Remembering Henri Lefebvre

Despite being somewhat ignored in Indian academia, Henri Lefebvre comes to our rescue every time, helping us understand and respond to space–time challenges.

At a time when movement and distancing have become a critique of everyday life because of a microorganism ruling over our lives, the spaces that we once shared and the talks that we once talked have all started changing daily life and the production of spaces over time. COVID-19 has, in fact, driven us into a time when the new space of connectedness is technology. It is in this context that I am reminded of the famous French Marxist Henri Lefebvre, who was born in 1902. Had Lefebvre been alive today, he would probably have been the first to correct us with respect to our usage of the term “social distancing.” The pandemic has dragged our society towards a different “living actuality,” with new words gaining meaning and capacity; a living actuality that is bereft of praxis. The actual contents of life must call out for a transformation wherein our very social practice is perfected through a conscious, coherent, and free means of socially responsible thinking—a thinking generated wherein knowledge and creativity cannot be separated.

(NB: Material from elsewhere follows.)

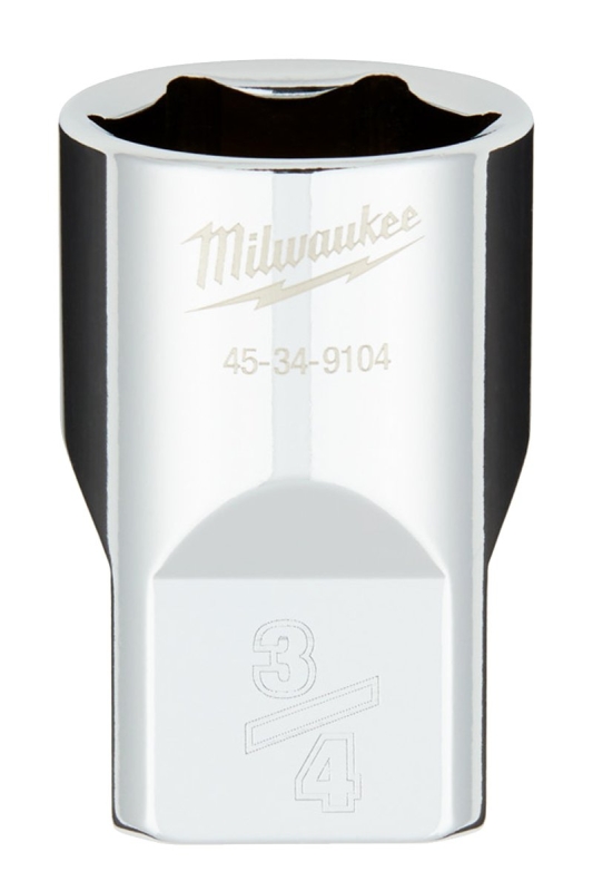Milwaukee 45-34-9104 Socket, 3/4 in Socket, 1/2 in Drive, 6-Point, Chrome Vanadium Steel, Chrome

Parallelly, most spaces that were earlier social in real and physical/tangible terms have begun to be looked at as synonymous with spaces that have been reproduced through the means of technology. Technological spaces are not physical or tangible, neither are they real in terms of “touch” (understood as an emotional transfer of a social relationship). The space generated, thus, is a space that is intangible—a space that is not social in its making and also in its upbringing. A kindergarten student cannot be limited to a space of a cuboid, wherein their eyes are fixed to a screen. They are meant to be wandering, and it is this very wandering that creates the space for inculcating a thirst for knowledge. If they believe that this is how a classroom looks like, it is probably at that precise point that the formal education system of a society in itself suffers a breakdown—a breakdown in its complete structural sense which is irreparable. Therefore, maybe at times it is better to not learn rather than learn with deviant backlashes. This is where I see the interventions of Lefebvre extremely important.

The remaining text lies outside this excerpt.